Utilisant réseaux sociaux, forums et messageries pour intimider, menacer ou ridiculiser, le cyberharcèlement prend une ampleur préoccupante au Gabon, comme ailleurs dans le monde. Ce phénomène fait des ravages, notamment chez les jeunes, plus vulnérables et exposés via les médias sociaux. Les conséquences sur la santé mentale et le bien-être des victimes peuvent être dévastatrices.
« Le cyberharcèlement est aujourd’hui un véritable facteur de désorganisation psychique, en particulier chez les adolescents, mais pas seulement. Nous observons une recrudescence de plaintes liées à des interactions numériques toxiques, vécues comme traumatisantes », alerte Mawele Mbembou Hynnel Verley, psychologue clinicien et psychopathologue.
Face à cette menace grandissante pour la santé mentale des citoyens, des mesures s’imposent. « Ce harcèlement n’est pas juste une série d’insultes.
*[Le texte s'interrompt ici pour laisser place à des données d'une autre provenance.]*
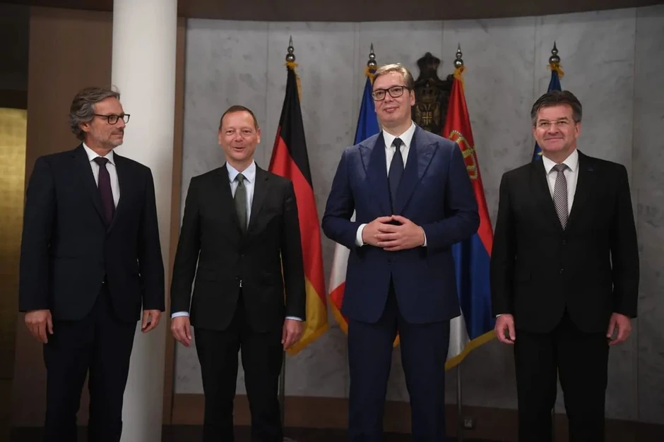- Razgovor o budućnosti Srbije, a nikakvog priznanja Kosova neće biti! Upravo razgovaram sa specijalnim predstavnikom Evropske unije za dijalog Beograda i Prištine i druga regionalna pitanja Zapadnog Balkana Miroslavom Lajčakom i sa savetnicima za spoljnu i bezbednosnu politiku Republike Francuske i Savezne Republike Nemačke, Emanuelom Bonom i Jensom Pletnerom, uvek spreman na kompromisna rešenja, u skladu sa Ustavom Republike Srbije i Rezolucijom 1244 SB UN. Nema predaje! Živela Srbija - napisao je Vučić na Instagram nalogu "budućnostsrbijeav".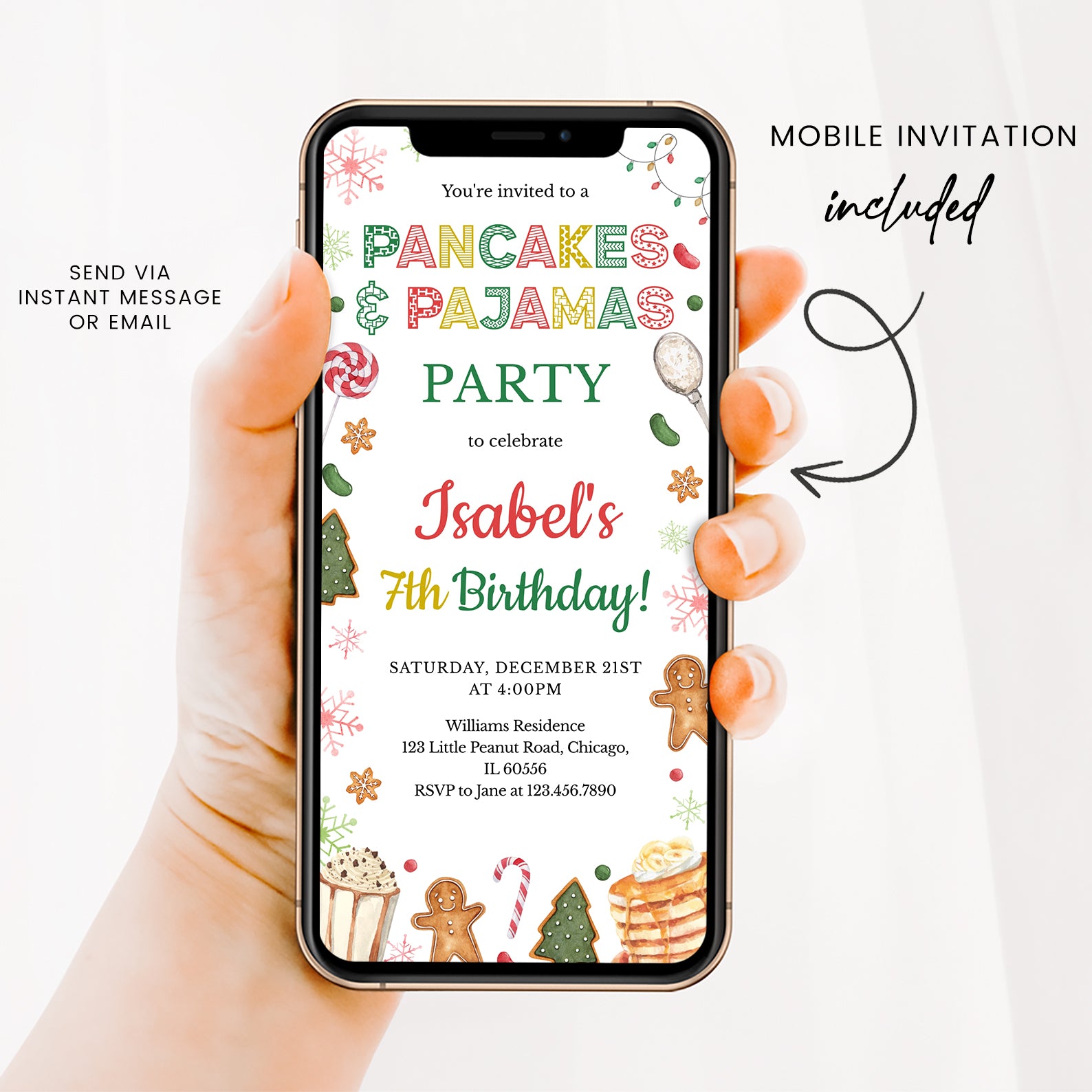 Celebrate your little one's 7th birthday in style with our enchanting Winter Birthday Digital Invitation! Featuring a delightful design adorned with colorful snowflakes, twinkling Christmas lights, and festive treats like candies, cookies, and candy canes, this invitation sets the perfect tone for a cozy pancakes and pajamas party. With a warm cup of cocoa and a whimsical winter theme, your guests will be excited to join in the fun and festivities. Make this birthday unforgettable with a charming invitation that captures the magic of the season!

C’est une atteinte à ce que Didier Anzieu appelle le Moi-peau, cette frontière psychique qui protège notre identité », explique Mawele Mbembou. « Quand on est humilié sur Facebook, TikTok ou via des groupes WhatsApp, ce Moi-peau est lacéré, et la personne se sent psychiquement nue, exposée et sans défense ». Il est donc impératif que les autorités sensibilisent la population à ces dangers et renforcent l’arsenal législatif pour protéger les victimes et sanctionner les auteurs.
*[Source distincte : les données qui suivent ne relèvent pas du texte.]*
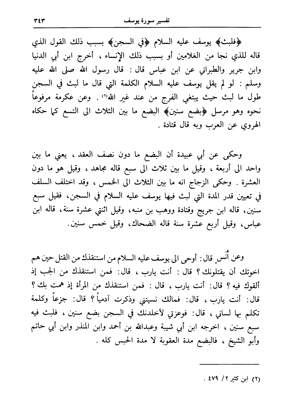 وعن أنس قال: أوحي إلى يوسف عليه السلام من استنقذك من القتل حين هم إخوتك أن يقتلونك؟ قال: أنت يا رب، قال: فمن استنقذك من الجب إذ ألقوك فيه؟ قال: أنت يا رب، قال: فمن استنقذك من المرأة إذ همت بك؟ قال: أنت يا رب، قال: فما لك نسيتني وذكرت آدمياً؟ قال: جزعاً وكلمة تكلم بها لساني، قال: فوعزتي لأخلدنك في السجن بضع سنين، فلبث فيه سبع سنين، أخرجه ابن أبي شيبة وعبد الله بن أحمد وابن المنذر وابن أبي حاتم وأبو الشيخ، فالبضع مدة العقوبة لا مدة الحبس كله.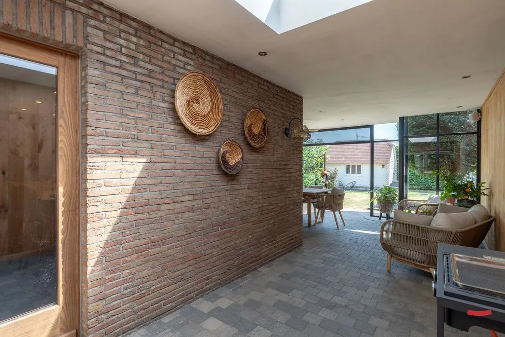 En dan de tuin…da’s een pareltje. Niet teveel gedoe met onderhoud, maar sfeervol en tot in de puntjes ingericht. En vooral het overdekte terras is aan absolute meerwaarde. Of in dit geval is “tuinkamer” een betere term, want je kan ‘m zelfs volledig afsluiten en dus ook in de winter is ’t er gezellig (en warm) vertoeven. Een supertoffe aanvulling van je woonkamer dus!

On oublie souvent que les mots peuvent blesser plus profondément que les coups. Ces douleurs invisibles peuvent mener à la dépression, voire au suicide. Elisia, victime, témoigne : « Quand j’étais au lycée, des camarades m’ont prise en photo et l’ont postée. Les commentaires étaient si méchants que je n’osais plus aller en cours ni même sortir de chez moi. J’étais devenue l’objet de moqueries de gens que je ne connaissais même pas ». Ce type d’expérience traumatisante explique pourquoi certaines victimes en viennent à vivre recluses, pour échapper à la haine véhiculée par des personnes cachées derrière leurs écrans.
Il est aussi essentiel de comprendre les motivations des harceleurs. Certains sont eux-mêmes d’anciennes victimes reproduisant un schéma de défense. « Souvent, derrière le cyberharcèlement, on retrouve un mécanisme de projection. C’est-à-dire que le harceleur projette sur autrui ses propres fragilités, son insécurité, sa faiblesse, son besoin de contrôle, parfois sa propre douleur non résolue », analyse le psychologue.
Somme toute, il apparaît fondamental que parents, éducateurs et professionnels de la santé mentale collaborent étroitement pour accompagner les jeunes victimes, les aider à surmonter les séquelles émotionnelles et prévenir de nouveaux cas.
Le cyberharcèlement est un problème majeur pour la société gabonaise, exigeant une action immédiate et coordonnée de tous les acteurs. Il est urgent de prendre des mesures concrètes pour protéger les plus vulnérables et mettre un terme à ce fléau insidieux qui peut détruire des vies.